* _Supplied entries_
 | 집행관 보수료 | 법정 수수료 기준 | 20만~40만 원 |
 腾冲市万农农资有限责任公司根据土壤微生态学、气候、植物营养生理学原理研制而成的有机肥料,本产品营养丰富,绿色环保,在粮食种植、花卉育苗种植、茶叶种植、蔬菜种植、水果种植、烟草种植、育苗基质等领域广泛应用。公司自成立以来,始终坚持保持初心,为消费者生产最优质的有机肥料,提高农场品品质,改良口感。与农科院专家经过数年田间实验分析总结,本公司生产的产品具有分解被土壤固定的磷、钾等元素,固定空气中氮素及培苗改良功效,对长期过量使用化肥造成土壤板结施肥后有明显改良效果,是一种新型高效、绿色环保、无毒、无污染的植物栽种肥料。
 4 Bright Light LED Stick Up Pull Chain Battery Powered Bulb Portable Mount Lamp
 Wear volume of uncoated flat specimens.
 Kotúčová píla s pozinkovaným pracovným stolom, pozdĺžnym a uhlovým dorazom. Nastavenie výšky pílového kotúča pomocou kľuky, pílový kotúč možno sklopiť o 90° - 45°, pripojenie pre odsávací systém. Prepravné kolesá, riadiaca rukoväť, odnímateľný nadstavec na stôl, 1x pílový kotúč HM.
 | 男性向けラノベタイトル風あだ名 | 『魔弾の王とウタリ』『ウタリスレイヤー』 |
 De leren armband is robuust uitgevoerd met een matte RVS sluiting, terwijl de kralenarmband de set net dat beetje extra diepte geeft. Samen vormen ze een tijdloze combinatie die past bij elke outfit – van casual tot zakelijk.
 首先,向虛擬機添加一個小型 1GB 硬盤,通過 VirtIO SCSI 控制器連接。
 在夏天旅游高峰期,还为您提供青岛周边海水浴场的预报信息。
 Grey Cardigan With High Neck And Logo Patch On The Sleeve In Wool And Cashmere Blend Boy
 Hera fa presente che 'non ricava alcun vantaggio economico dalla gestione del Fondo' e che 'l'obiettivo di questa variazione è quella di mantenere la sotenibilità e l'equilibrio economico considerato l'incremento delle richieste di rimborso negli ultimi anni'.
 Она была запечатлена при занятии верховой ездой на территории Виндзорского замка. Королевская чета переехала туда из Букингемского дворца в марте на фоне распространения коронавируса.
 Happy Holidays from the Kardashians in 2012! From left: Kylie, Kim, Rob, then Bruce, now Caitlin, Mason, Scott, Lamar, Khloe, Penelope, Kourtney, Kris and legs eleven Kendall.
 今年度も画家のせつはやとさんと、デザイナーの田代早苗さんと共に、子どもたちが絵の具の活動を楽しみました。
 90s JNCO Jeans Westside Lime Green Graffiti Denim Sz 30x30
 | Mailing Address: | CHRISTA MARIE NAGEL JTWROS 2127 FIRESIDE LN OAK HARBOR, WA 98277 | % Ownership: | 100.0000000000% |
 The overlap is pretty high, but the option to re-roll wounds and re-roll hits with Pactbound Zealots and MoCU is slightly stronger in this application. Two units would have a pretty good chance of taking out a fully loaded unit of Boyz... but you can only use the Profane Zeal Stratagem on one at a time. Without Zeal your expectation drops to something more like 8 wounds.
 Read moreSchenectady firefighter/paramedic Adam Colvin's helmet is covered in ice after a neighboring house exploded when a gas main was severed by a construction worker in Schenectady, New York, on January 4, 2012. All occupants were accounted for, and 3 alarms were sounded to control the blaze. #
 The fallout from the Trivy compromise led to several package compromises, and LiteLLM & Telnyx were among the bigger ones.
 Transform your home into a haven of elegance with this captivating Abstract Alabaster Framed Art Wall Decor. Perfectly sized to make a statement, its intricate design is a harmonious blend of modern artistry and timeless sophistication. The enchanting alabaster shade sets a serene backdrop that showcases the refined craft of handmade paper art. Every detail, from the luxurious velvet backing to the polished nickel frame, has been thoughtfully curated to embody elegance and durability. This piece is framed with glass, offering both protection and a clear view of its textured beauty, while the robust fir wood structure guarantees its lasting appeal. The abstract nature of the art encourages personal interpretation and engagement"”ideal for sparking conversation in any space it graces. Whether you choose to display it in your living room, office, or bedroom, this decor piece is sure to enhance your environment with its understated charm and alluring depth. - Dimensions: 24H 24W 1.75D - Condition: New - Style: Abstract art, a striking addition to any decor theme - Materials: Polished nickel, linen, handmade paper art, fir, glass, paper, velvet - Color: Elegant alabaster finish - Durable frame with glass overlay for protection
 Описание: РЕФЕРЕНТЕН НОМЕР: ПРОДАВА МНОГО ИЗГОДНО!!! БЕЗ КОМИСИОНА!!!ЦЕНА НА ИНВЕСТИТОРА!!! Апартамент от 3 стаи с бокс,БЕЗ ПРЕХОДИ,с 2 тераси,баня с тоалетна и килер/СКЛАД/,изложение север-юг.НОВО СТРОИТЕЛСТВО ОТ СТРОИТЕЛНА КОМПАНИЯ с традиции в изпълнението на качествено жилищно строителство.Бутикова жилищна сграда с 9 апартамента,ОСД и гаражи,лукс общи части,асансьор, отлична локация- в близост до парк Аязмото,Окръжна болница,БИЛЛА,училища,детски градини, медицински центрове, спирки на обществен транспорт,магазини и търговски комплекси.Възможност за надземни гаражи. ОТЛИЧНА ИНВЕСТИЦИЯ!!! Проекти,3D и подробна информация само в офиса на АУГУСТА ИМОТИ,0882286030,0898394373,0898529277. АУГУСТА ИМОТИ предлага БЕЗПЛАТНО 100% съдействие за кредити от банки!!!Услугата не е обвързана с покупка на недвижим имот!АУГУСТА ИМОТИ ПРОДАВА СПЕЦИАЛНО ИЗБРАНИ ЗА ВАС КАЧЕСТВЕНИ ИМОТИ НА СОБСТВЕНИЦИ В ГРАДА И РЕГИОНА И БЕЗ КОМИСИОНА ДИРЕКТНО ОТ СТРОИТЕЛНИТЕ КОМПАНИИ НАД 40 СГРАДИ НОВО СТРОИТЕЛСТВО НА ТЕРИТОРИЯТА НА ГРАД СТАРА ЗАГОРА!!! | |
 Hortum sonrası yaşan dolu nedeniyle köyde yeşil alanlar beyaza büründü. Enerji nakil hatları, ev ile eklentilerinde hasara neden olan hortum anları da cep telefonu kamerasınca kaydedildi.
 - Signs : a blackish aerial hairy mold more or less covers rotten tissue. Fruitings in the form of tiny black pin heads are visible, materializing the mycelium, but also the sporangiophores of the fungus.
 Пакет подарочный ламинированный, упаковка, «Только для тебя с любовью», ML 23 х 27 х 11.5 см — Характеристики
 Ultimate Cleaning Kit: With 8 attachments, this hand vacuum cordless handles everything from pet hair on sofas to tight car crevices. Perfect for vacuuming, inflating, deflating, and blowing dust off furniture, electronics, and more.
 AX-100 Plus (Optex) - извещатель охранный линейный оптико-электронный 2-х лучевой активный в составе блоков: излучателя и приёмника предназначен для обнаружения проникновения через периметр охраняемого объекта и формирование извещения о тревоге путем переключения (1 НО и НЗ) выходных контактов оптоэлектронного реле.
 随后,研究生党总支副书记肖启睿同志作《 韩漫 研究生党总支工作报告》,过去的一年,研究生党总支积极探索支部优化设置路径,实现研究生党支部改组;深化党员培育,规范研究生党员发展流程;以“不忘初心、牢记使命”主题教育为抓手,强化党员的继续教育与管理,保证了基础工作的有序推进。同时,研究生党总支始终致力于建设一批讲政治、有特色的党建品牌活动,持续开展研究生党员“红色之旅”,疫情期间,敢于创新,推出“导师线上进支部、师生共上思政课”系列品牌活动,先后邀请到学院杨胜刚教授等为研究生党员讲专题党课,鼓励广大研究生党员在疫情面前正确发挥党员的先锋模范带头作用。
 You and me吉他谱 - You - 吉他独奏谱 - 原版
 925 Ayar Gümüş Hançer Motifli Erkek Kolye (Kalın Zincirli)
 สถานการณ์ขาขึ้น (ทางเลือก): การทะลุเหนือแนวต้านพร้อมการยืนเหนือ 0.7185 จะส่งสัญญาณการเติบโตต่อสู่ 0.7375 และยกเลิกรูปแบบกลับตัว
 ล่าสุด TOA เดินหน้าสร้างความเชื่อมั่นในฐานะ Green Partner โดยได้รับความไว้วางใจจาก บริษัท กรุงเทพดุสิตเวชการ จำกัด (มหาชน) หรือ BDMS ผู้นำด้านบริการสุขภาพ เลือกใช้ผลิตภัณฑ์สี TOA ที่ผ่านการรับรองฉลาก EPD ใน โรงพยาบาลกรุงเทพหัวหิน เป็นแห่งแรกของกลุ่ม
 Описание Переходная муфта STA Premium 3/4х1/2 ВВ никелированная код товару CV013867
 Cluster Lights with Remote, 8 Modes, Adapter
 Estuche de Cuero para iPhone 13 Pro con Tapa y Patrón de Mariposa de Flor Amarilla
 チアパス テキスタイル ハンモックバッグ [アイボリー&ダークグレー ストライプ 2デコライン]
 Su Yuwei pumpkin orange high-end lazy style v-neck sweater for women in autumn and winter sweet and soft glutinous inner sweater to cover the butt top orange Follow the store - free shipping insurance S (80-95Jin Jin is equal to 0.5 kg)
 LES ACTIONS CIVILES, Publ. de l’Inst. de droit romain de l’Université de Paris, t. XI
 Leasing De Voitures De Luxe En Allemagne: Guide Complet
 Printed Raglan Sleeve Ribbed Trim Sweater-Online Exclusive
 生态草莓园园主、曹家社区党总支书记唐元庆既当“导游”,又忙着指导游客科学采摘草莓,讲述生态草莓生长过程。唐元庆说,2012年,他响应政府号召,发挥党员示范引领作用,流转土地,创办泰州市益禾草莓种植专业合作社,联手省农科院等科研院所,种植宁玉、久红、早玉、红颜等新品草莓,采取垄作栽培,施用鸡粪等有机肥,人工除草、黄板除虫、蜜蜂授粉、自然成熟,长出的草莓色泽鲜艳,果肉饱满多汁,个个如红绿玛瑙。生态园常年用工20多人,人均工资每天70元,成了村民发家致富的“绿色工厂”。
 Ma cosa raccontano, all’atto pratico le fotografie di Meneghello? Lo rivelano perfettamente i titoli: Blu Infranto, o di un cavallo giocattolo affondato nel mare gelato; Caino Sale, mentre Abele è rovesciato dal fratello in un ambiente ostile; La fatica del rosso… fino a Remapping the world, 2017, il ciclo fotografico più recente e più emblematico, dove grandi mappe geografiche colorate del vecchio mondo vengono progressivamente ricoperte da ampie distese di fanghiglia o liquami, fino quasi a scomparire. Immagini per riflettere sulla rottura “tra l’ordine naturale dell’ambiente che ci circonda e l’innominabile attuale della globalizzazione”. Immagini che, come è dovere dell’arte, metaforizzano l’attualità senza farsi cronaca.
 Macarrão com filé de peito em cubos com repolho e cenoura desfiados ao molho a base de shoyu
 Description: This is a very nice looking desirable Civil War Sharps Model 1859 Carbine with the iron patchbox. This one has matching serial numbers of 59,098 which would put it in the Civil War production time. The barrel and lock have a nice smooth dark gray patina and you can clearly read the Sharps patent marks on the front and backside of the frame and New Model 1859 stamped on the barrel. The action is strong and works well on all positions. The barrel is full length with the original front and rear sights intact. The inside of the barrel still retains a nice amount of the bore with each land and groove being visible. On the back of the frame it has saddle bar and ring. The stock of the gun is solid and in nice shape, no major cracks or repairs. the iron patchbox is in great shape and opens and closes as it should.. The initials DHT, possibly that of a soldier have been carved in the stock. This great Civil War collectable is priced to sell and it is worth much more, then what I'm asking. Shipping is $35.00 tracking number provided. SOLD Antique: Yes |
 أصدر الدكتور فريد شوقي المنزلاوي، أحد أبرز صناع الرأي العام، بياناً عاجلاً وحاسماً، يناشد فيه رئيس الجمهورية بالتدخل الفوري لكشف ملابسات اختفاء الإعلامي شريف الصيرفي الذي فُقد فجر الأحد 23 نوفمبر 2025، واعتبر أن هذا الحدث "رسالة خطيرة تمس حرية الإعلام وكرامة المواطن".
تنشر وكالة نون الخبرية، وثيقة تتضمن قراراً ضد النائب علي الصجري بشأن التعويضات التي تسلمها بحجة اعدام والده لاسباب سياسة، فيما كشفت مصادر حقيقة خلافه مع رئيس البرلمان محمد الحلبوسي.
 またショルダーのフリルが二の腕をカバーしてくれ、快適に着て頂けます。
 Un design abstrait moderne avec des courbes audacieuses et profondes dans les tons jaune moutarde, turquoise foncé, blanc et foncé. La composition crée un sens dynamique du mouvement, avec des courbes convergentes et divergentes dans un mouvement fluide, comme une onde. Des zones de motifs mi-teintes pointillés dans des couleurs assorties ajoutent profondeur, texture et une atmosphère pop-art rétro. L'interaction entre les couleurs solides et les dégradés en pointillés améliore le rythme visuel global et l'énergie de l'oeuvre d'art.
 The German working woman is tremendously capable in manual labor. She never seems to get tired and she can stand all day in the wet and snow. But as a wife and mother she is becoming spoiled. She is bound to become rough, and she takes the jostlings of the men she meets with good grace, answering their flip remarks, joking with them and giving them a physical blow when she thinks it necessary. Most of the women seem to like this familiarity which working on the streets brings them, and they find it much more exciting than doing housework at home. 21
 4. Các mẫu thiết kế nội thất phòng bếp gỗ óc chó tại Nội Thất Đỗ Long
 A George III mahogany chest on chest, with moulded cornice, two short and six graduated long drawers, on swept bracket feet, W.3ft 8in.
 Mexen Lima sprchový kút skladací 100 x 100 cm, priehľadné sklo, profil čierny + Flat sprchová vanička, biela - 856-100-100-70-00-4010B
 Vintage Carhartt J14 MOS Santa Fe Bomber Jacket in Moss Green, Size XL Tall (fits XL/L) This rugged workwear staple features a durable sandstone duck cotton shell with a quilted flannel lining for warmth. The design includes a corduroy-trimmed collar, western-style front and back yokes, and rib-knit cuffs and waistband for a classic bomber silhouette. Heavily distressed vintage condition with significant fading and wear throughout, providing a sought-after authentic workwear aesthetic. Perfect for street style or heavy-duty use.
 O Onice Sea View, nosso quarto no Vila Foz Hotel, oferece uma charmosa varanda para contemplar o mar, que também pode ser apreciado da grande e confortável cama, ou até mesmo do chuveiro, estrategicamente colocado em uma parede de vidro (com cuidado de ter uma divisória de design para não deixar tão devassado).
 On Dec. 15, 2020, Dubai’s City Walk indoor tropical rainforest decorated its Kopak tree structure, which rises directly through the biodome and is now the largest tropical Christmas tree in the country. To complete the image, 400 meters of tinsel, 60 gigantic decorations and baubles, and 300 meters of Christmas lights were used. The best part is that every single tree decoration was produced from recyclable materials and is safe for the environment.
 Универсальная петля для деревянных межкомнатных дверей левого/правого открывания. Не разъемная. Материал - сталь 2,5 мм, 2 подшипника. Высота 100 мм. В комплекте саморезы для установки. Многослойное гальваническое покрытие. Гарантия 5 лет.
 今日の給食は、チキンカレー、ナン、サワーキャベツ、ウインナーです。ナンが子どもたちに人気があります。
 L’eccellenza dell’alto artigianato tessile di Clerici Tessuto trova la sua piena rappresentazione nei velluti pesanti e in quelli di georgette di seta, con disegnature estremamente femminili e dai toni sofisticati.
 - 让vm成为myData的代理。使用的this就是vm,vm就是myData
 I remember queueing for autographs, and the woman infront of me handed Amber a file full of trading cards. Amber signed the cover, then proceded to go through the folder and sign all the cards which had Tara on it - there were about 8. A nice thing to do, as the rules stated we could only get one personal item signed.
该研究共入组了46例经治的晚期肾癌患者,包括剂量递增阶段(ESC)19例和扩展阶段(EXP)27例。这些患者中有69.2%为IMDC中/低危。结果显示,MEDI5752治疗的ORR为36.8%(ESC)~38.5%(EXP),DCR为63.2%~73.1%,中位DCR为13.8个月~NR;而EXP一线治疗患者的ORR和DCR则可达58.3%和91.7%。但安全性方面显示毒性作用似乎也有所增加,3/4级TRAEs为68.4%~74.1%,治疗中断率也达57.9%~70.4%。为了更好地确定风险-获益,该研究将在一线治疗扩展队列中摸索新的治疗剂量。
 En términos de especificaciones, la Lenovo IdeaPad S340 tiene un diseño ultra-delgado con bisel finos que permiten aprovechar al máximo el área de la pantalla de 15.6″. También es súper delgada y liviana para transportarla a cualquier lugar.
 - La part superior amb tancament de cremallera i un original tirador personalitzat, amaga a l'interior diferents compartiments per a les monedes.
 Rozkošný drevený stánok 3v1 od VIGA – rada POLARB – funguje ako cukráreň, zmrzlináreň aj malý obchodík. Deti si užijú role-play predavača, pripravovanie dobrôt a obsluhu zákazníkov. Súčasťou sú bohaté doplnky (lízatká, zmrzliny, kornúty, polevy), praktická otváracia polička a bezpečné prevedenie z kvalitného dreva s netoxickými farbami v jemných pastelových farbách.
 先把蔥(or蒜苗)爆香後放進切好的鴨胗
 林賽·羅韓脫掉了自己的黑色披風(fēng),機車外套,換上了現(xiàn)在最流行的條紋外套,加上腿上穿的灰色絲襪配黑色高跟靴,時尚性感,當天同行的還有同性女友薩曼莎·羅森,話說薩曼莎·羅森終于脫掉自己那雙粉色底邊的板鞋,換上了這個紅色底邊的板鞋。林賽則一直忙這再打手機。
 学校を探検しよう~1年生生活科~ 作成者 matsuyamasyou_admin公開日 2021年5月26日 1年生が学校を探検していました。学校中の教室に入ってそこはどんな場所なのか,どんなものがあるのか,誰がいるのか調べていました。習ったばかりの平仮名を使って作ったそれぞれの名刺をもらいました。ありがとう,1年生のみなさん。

* _Task requirements_
Above are the records. Print exactly, and only, the lines from the line with "Su Yuwei pumpkin" to the line with "Leasing De Voitures", both inclusive.

* _Output of the task_
 Su Yuwei pumpkin orange high-end lazy style v-neck sweater for women in autumn and winter sweet and soft glutinous inner sweater to cover the butt top orange Follow the store - free shipping insurance S (80-95Jin Jin is equal to 0.5 kg)
 LES ACTIONS CIVILES, Publ. de l’Inst. de droit romain de l’Université de Paris, t. XI
 Leasing De Voitures De Luxe En Allemagne: Guide Complet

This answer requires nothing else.